The Machinery Shader System (part 1)

Feb 12, 2018

Designing and implementing a solid shader system has been in the back of my head, itching for attention, since even before we started Our Machinery. I’ve successfully managed to ignore it all the way up until last week, when reality finally caught up with my procrastination, rubbing in the fact that I’ve reached the point where I need to do some more serious shader development, and that the current bare-bones system simply won’t cut it.

My definition of a “Shader System” is rather simple, it boils down to a few things:

Some kind of meta-language and compiler for authoring of shaders where the user can define various render states, write shader source snippets (in some flavor), and then piece together more or less complete pipeline state objects from that.
Some way to get data in the form of constants and resources (textures, buffers, samplers), in and out of the shader system as efficiently as possible.
Some kind of resource management system for loading, reloading and unloading the finished shaders.

To be honest, I kind of hate shader systems. It’s not that they are particularly hard to write, it’s more that whatever you do, chances are overwhelmingly big that you won’t feel too satisfied with the final result. Or at least, that is my experience with my previous four (rather ambitious) shader systems that I have designed, written and maintained. Not to mention all the hard words and hate I’ve gotten from various co-workers when they’ve had to fix bugs or extend any of these systems. But it’s all fine. I have seen the authoring workflows and implementations of many different shader systems over the years, and so far they all pretty much suck in one way or another. And while it is somewhat comforting to know that I’m not alone in causing frustration among co-workers and users, it is also a sad realization that it appears to be inevitable ending up with a system that is quite far from perfection.
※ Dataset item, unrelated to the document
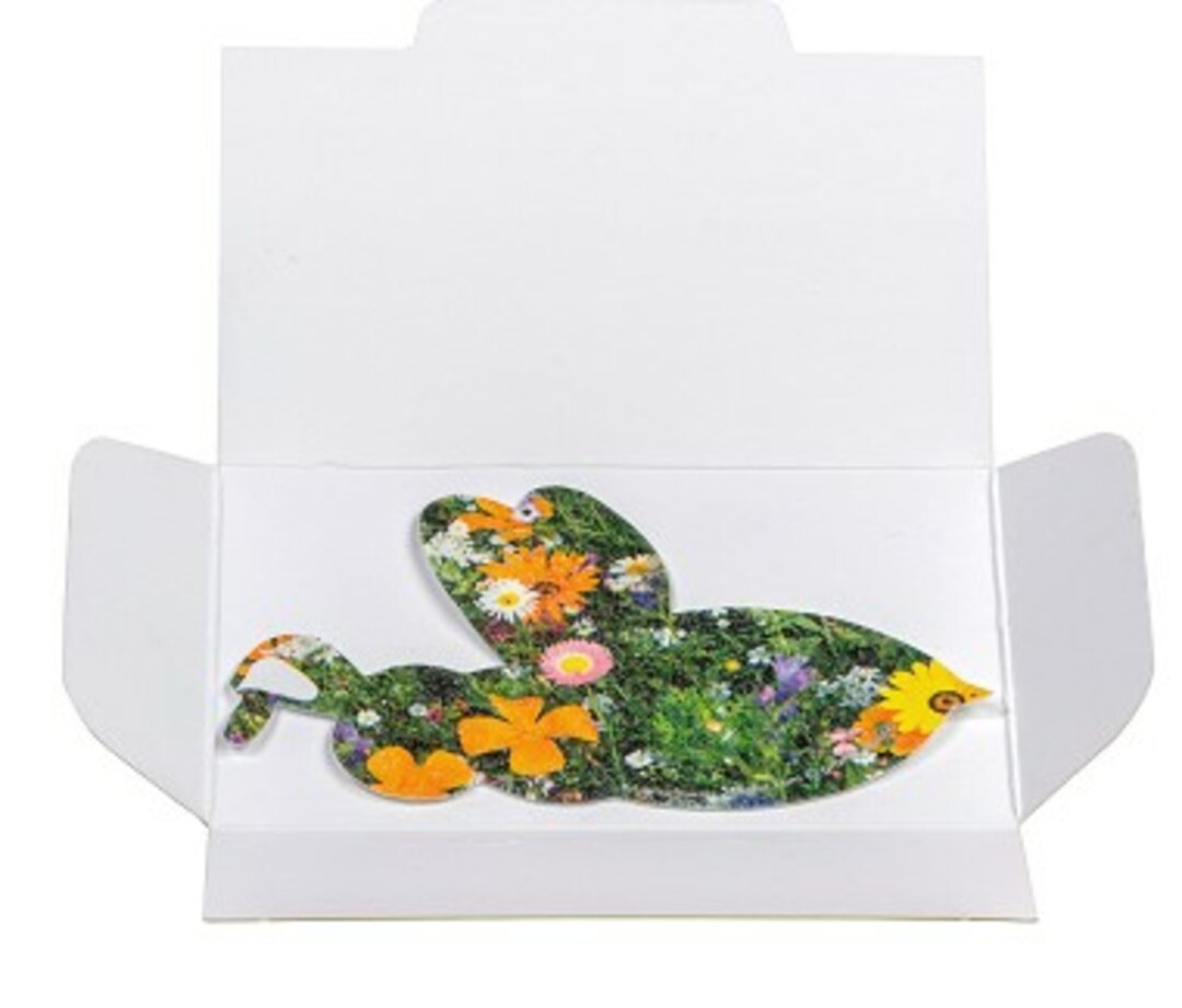 In das Bienchen ist der Samen der Sommerblumenmischung bereits eingearbeitet. Das biologisch abbaubare Papier wird einfach auf oder unter Erde gelegt. Durch Regen oder Gießen löst sich das Papier auf und die Samen beginnen zu wachsen.

But why are they so hard? I think there are a bunch of reasons for that, here are a few from the top of my head:

There’s a big chance that the final system will spread its tentacles into almost all other rendering systems, and if you don’t plan for this you are likely to introduce rather harsh coupling between the systems. This makes it very time consuming to refactor the shader system when that day comes.
The best way to handle resource and constant bindings tends to differ not only between graphics APIs and platforms, but also between the different underlying rendering systems. E.g. a system responsible for rendering a crowd of 20 000 skinned characters with carefully planned material variations is very different from a system for rendering a few full screen triangles as part of a post processing stack. Yet, they both need to talk to the shader system.
Deciding how to best handle generating shader variations (e.g skinning on/off, light maps on/off, etc.) is not only hard from a shader authoring point-of-view, but can also very quickly blow up your shader compile times to insanity if you aren’t careful. At the same time, you have to provide really fast incremental compile times during shader authoring.
Finding a good balance between how much of the code that deals with declaration of resources and constants that should live in the actual shader source snippets vs be declared and generated through some form of meta-data, is hard. The same also applies for shader stage-to-stage linkage information.
As with any system exposing an interface that allows users to author content on top of it, what you expose to the user through the front-end becomes very important. If you are too restrictive with exposing platform specific aspects it is easy to end up limiting the shader authors, moving them too far from the hardware. But on the other hand, if you expose too much, there’s a big chance you won’t be able to refactor the system simply because there’s too much data depending on it.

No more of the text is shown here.